Eh nihayet şurada birkaç sene kaldı, kehanetin sonucunu görmeye! Nutuk’ta yazarlara göre tarihsel göndermeler büyük bir isabetle kaydedilmişti, fakat bazılarındaysa “küçük zaman kaymaları” saptanmıştı. Yine de yazarlar çalışmalarından kuşku duyuyorlar; gizli şifrenin açığa kavuşturulmasında yetersiz kalabileceklerinden endişe ediyorlar ve başkaca çalışmaların gereğini vurguluyorlar. İşin tuhafı yazarlar, Nutuk’tan alınacak ana fikrin Atatürk’ün bizleri gelecekte iç ve dış düşmanlara karşı uyarması olarak değerlendiriyorlar; iyi güzel, fakat bunu keşfetmek için bu kadar çaba ve gayrete ne gerek vardı acaba?
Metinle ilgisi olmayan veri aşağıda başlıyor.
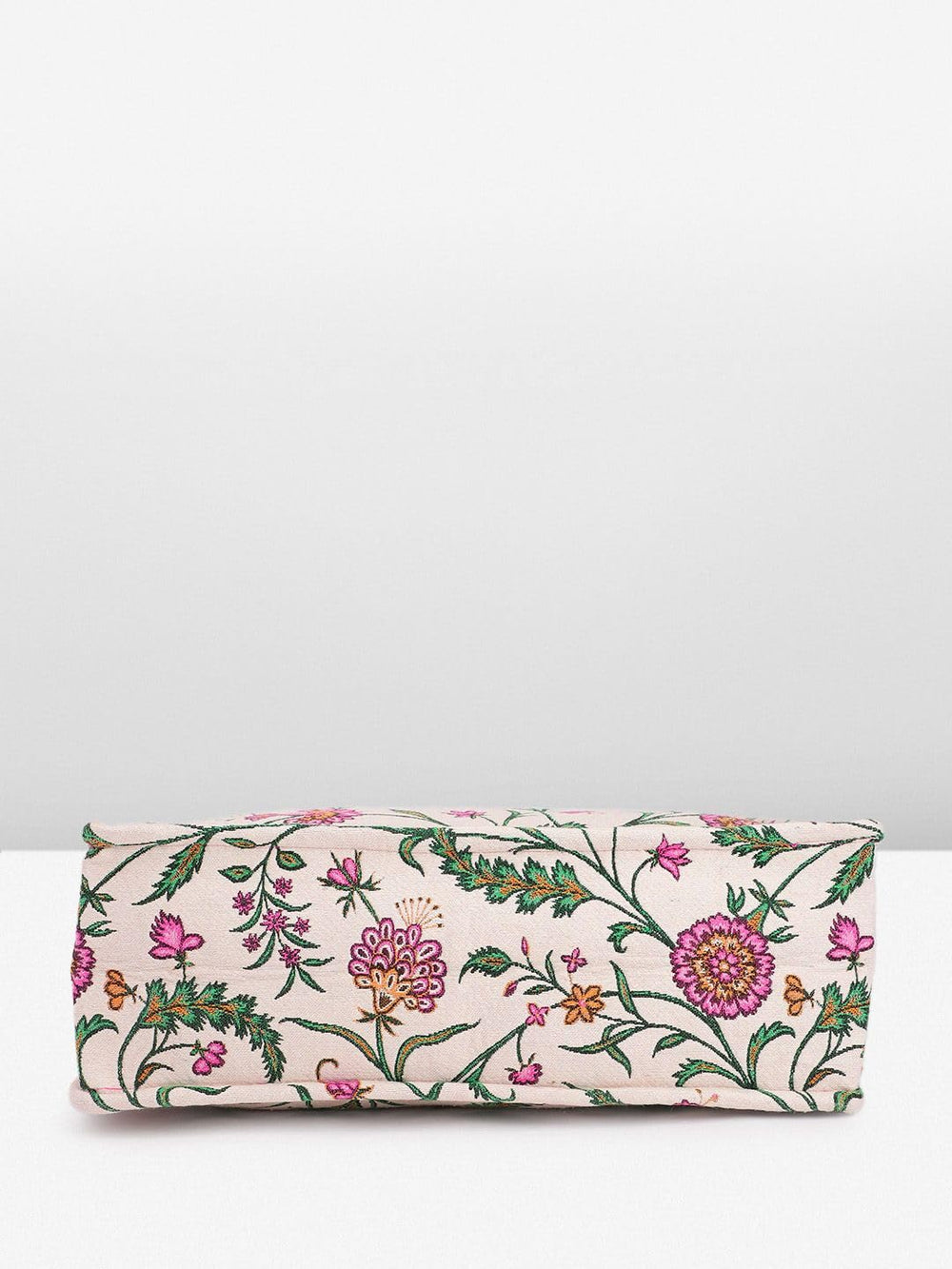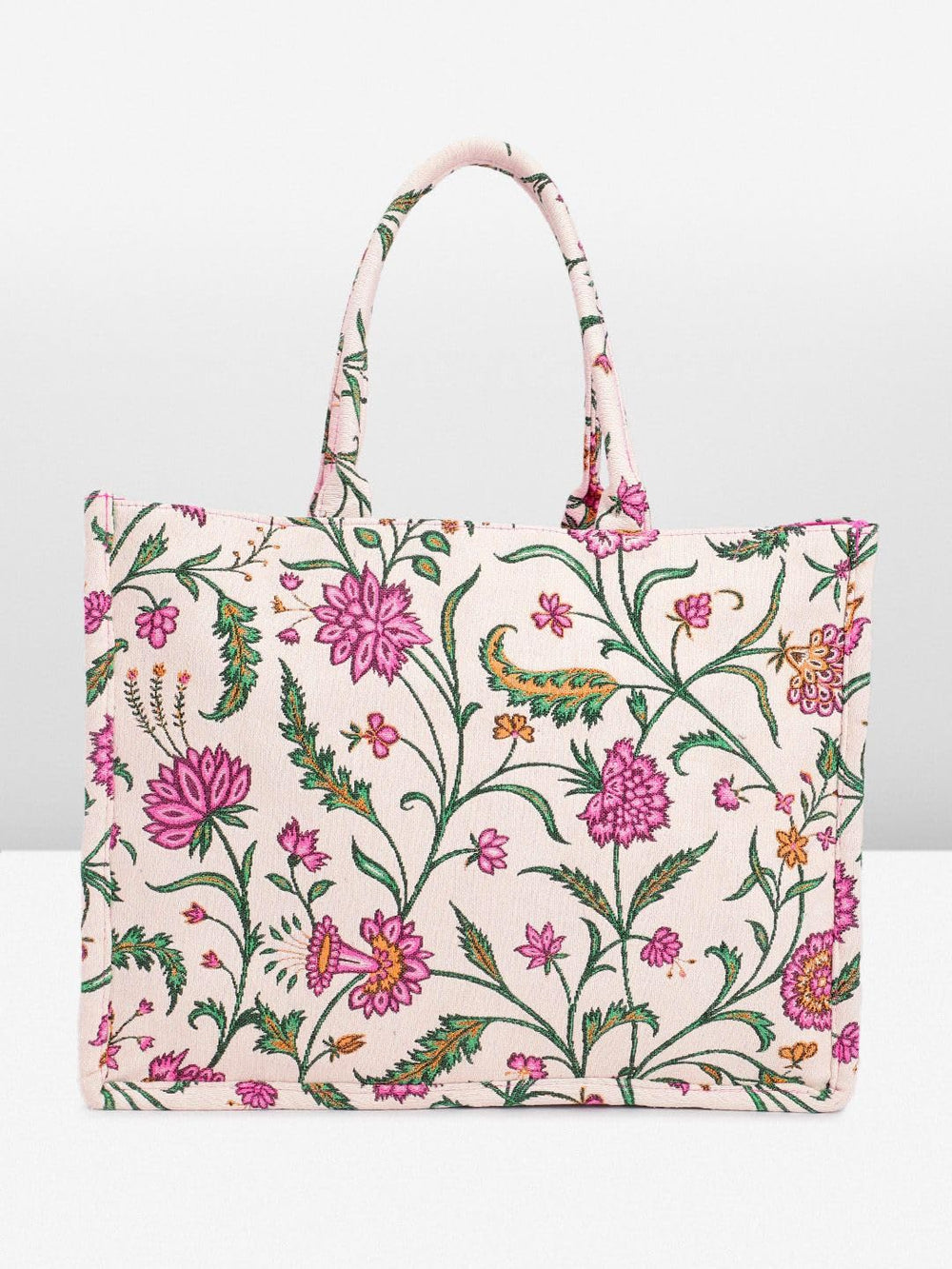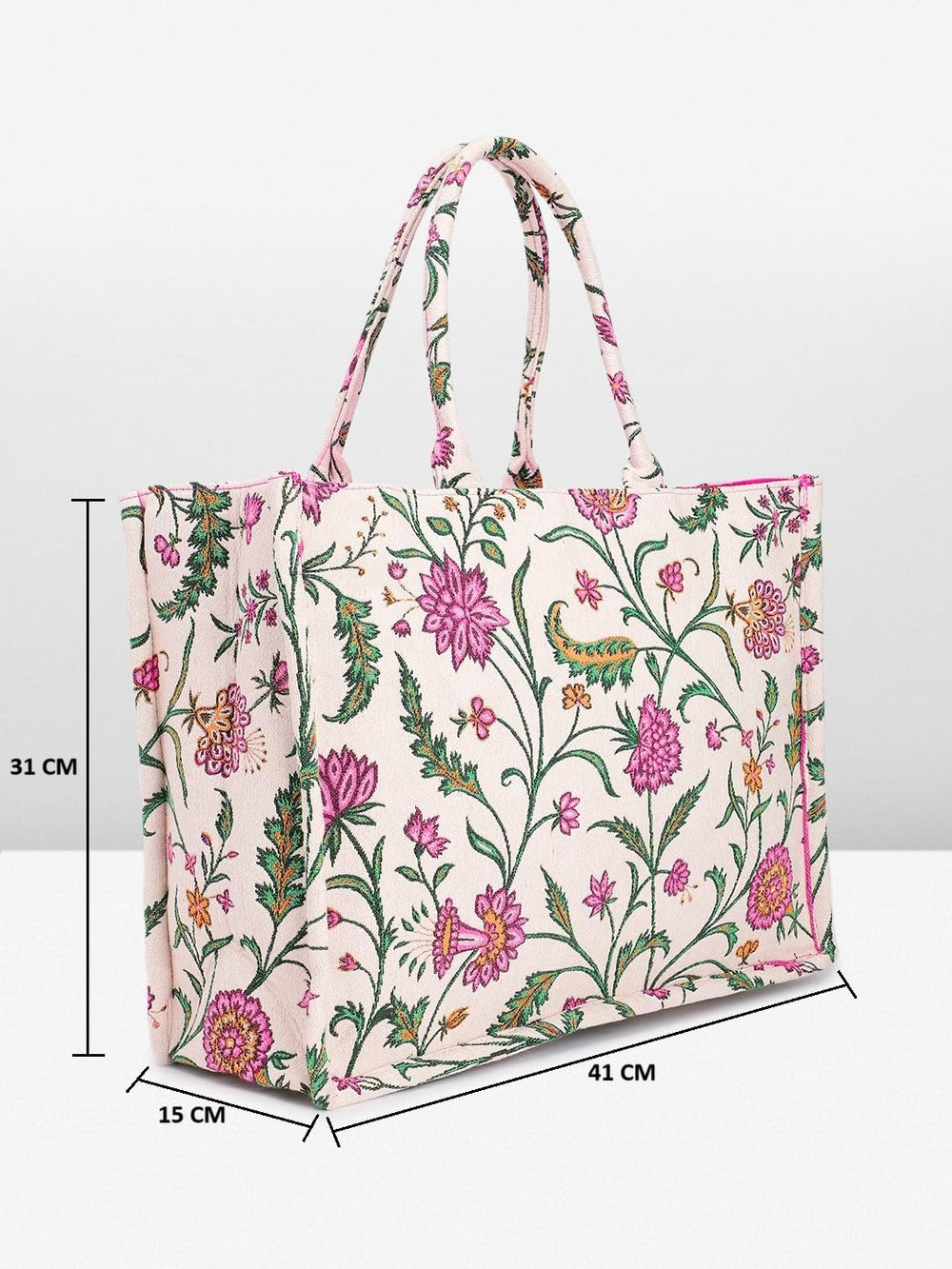 Elevate your style with this exquisite hand bag for women, featuring a captivating floral print that exudes elegance and sophistication. Crafted with meticulous attention to detail, this tote bag boasts a vibrant array of colours, from rich greens and pinks to warm oranges, intricately woven into a mesmerising pattern reminiscent of blossoming gardens. The spacious interior offers ample room for your daily essentials, while the sturdy construction ensures lasting durability. Whether you're attending a formal event or simply running errands, this hand bag will effortlessly complement your ensemble, adding a touch of refined charm to your overall look. Embrace the beauty of nature and indulge in the timeless allure of this floral masterpiece.

Zaten Nutuk’un gençliğe hitabe tarzındaki finali bunu açık olarak belirtmektedir. Bu uyarı gizli bir şifre olarak neden saklanma gereği duyulmuş hiç anlaşılamıyor.
19’un sırrı
19 rakamının Atatürk’ün hayatındaki önemi yazarların gözünden kaçmamış: İlk önce tabiî ki doğum tarihi olan 19 Mayıs 1881! Kaç kez yazılacak çizilecek bilemiyorum artık, Mustafa Kemal’in 19 Mayıs olarak belirtilen doğum günü gerçek doğum günü değildir; kendisinin sembolik önemi olduğunu düşündüğü ve kendisine uygun gördüğü tarihtir. 1881 de yanlıştır; gerçek doğum yılının 1880 mi, 1881 mi olduğunu muhtemelen hiçbir zaman bilemeyeceğiz. Bir zamanlar 1880 olarak ders kitaplarına ve pullara bile geçmişti. Sonra 1881 daha uygun görülmüş olmalı. Biri araştırsa keşke, bu geçiş tam olarak ne zamana denk gelmiş diye. Dahası da var: Mustafa Kemal Atatürk ismi ve soyadı tek tek harfler toplandığında 19 ediyor. Gençliğe hitabe de 19 cümleden ibarettir; buradaki tek sakınca bu kısmın İsmet İnönü tarafından yazıldığına ilişkin iddiadır. 19 Mayıs 1919 tarihinde üç tane 19 rakamı olması, Atatürk’ün ömrünün de 3 çarpı 19 olmasıyla ilintilidir. Ayrıca 19 Mayıs 1919’da Atatürk’ün yaşının 2 çarpı 19 eşit 38 olması başkaca bir işarettir. Bu da matematiksel olarak doğru olmayacak korkarım, çünkü Atatürk’ün yaşı tam olarak bilinmemektedir. Muhtemelen bilinenden daha erken bir tarihte doğmuştur. Bütün bunlardan tatmin olmayan okuyuculara iki örnek daha vererek konuyu kapatıyorum: Ne mutlu Türküm diyene ile istikbâl göklerdedir özdeyişlerinde bulunan harfleri bir sayın bakalım kaç çıkacak? Ya tabiî ki 19. Ve son olarak doğum ve ölüm yılları 19 sayısının katlarıdır. Cenazesi de 19 Kasım’da İzmit’e götürülmüştü zaten.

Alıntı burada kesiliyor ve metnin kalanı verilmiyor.